Data for the task
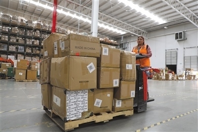美獅集團(tuán)墨西哥州海外倉內(nèi),一名員工從傳送帶取下貨物放到拖車上,準(zhǔn)備移動(dòng)至智能上架區(qū)入庫。本報(bào)墨西哥分社 埃內(nèi)斯托·多明戈斯攝
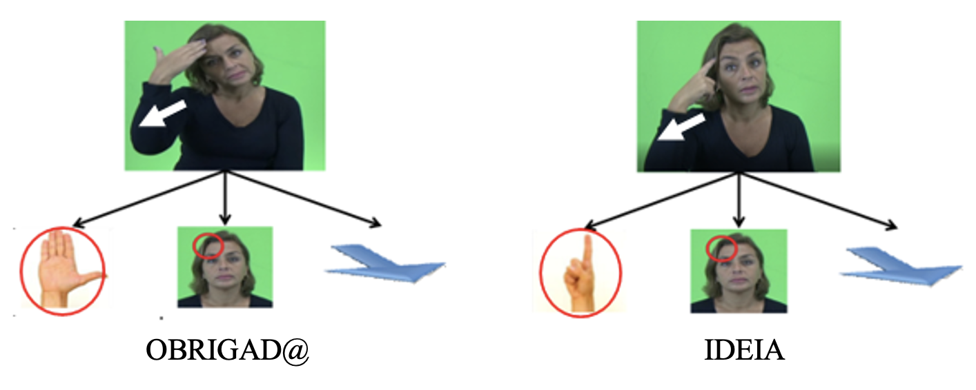 William Stokoe demonstrou, à luz da corrente estruturalista vigente em sua época, que a língua de sinais americana, ASL (do inglês American Sign Language) e, por extensão, todas as línguas sinalizadas são línguas naturais. Seu principal argumento se fundamentou no fato de que, assim como as línguas orais, as línguas de sinais são duplamente articuladas. Precisamente, Stokoe (1960) demonstrou que os itens lexicais da ASL, unidades significativas, são decomponíveis em unidades menores não significativas, mas distintivas de significado. Isso pode ser ilustrado por meio dos sinais da libras OBRIGAD@ e IDEIA (Figura 1). Observa-se pelas imagens que cada um deles é formado por uma configuração de mão, por um ponto de articulação e por um movimento. Observa-se também que os sinais em questão constituem um par mínimo, pois distinguem-se entre si unicamente em função das diferentes configurações de mão que apresentam. Com isso, Stokoe demonstra que as línguas de sinais podem ser analisadas fonologicamente.
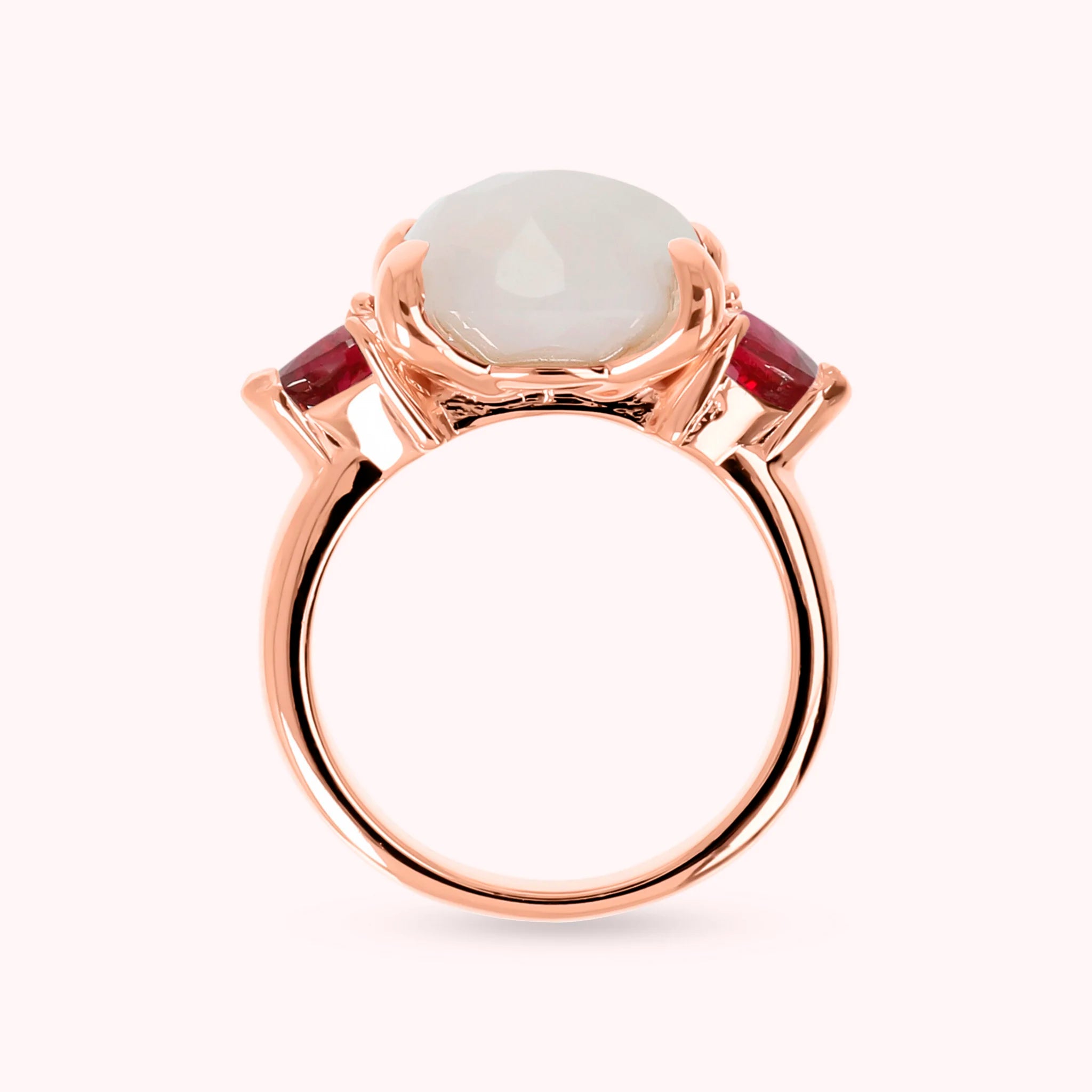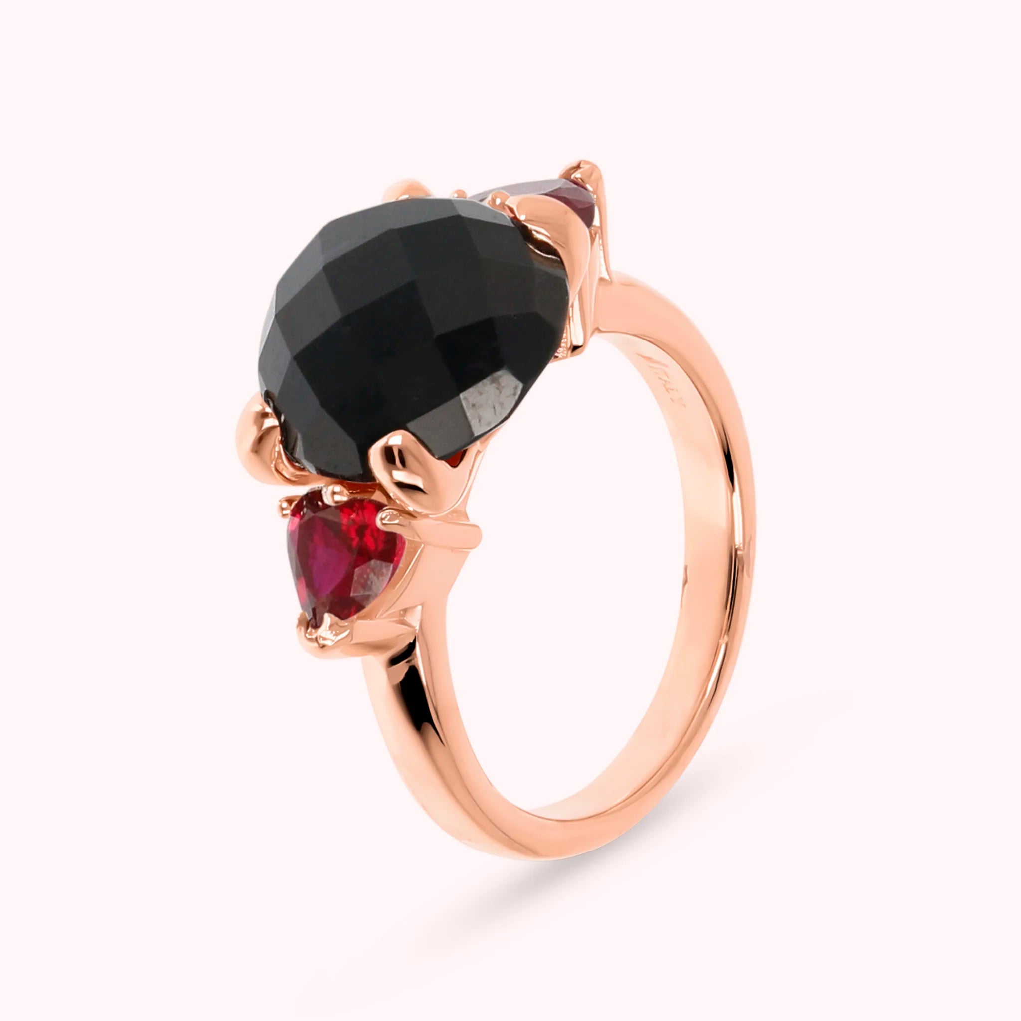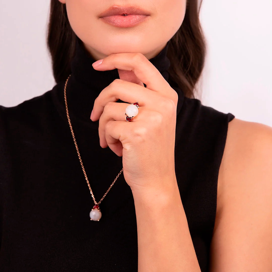 Anello Cocktail con Pietra Naturale e Cuore in Cubic Zirconia
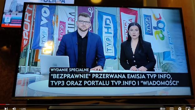 Po godz. 11, zaraz po tym jak Ministerstwo Kultury i Dziedzictwa Narodowego poinformowało powołaniu nowych władz Telewizji Polskiej, Polskiego Radia i PAP, emisję TVP Info, TVP3 i TVP World przerwano we wszystkich formach dystrybucji: naziemnej telewizji, sieciach kablowych, platformach cyfrowych oraz w aplikacjach i serwisach internetowych TVP.
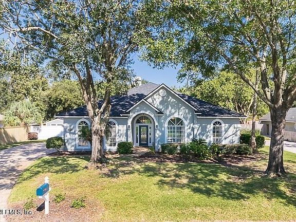 Live the Florida lifestyle in this gorgeous salt water pool home nestled among tree-lined streets close to beaches, St. Johns Town Center, & Downtown. NEW ROOF, HIGH EFFICIENCY HVAC, & HWH IN '24. NEW WIFI ENABLED GARAGE DOOR & EXTERIOR PAINT IN '23! Open plan boasts 10' ceilings full of natural light, hardwood floors throughout, designer lighting, & 2-sided Fire Glass gas fireplace. New kitchen upgrades inc granite tops, sink & faucet, Maytag Dishwasher, & LG refrigerator connected to multi-filter osmosis system for water/ice. Luxurious master shares French doors to office/BR, has large walk-in closet, & the ensuite bath has his/her vanities, walk-in shower with spa jets, and jacuzzi tub. Guest bath updated too. Collapsible sliders lead to a private outdoor oasis with refreshing salt pool & soothing waterfall, curtained canopy with fan for shade, & BBQ area with gas hookup, plus there is a workshed & Wifi irrigation system on well. MUST SEE!

To do
Your job is to copy every entry exactly. Omit the pictures.

Solution
美獅集團(tuán)墨西哥州海外倉內(nèi),一名員工從傳送帶取下貨物放到拖車上,準(zhǔn)備移動(dòng)至智能上架區(qū)入庫。本報(bào)墨西哥分社 埃內(nèi)斯托·多明戈斯攝
 William Stokoe demonstrou, à luz da corrente estruturalista vigente em sua época, que a língua de sinais americana, ASL (do inglês American Sign Language) e, por extensão, todas as línguas sinalizadas são línguas naturais. Seu principal argumento se fundamentou no fato de que, assim como as línguas orais, as línguas de sinais são duplamente articuladas. Precisamente, Stokoe (1960) demonstrou que os itens lexicais da ASL, unidades significativas, são decomponíveis em unidades menores não significativas, mas distintivas de significado. Isso pode ser ilustrado por meio dos sinais da libras OBRIGAD@ e IDEIA (Figura 1). Observa-se pelas imagens que cada um deles é formado por uma configuração de mão, por um ponto de articulação e por um movimento. Observa-se também que os sinais em questão constituem um par mínimo, pois distinguem-se entre si unicamente em função das diferentes configurações de mão que apresentam. Com isso, Stokoe demonstra que as línguas de sinais podem ser analisadas fonologicamente.
 Anello Cocktail con Pietra Naturale e Cuore in Cubic Zirconia
 Po godz. 11, zaraz po tym jak Ministerstwo Kultury i Dziedzictwa Narodowego poinformowało powołaniu nowych władz Telewizji Polskiej, Polskiego Radia i PAP, emisję TVP Info, TVP3 i TVP World przerwano we wszystkich formach dystrybucji: naziemnej telewizji, sieciach kablowych, platformach cyfrowych oraz w aplikacjach i serwisach internetowych TVP.
 Live the Florida lifestyle in this gorgeous salt water pool home nestled among tree-lined streets close to beaches, St. Johns Town Center, & Downtown. NEW ROOF, HIGH EFFICIENCY HVAC, & HWH IN '24. NEW WIFI ENABLED GARAGE DOOR & EXTERIOR PAINT IN '23! Open plan boasts 10' ceilings full of natural light, hardwood floors throughout, designer lighting, & 2-sided Fire Glass gas fireplace. New kitchen upgrades inc granite tops, sink & faucet, Maytag Dishwasher, & LG refrigerator connected to multi-filter osmosis system for water/ice. Luxurious master shares French doors to office/BR, has large walk-in closet, & the ensuite bath has his/her vanities, walk-in shower with spa jets, and jacuzzi tub. Guest bath updated too. Collapsible sliders lead to a private outdoor oasis with refreshing salt pool & soothing waterfall, curtained canopy with fan for shade, & BBQ area with gas hookup, plus there is a workshed & Wifi irrigation system on well. MUST SEE!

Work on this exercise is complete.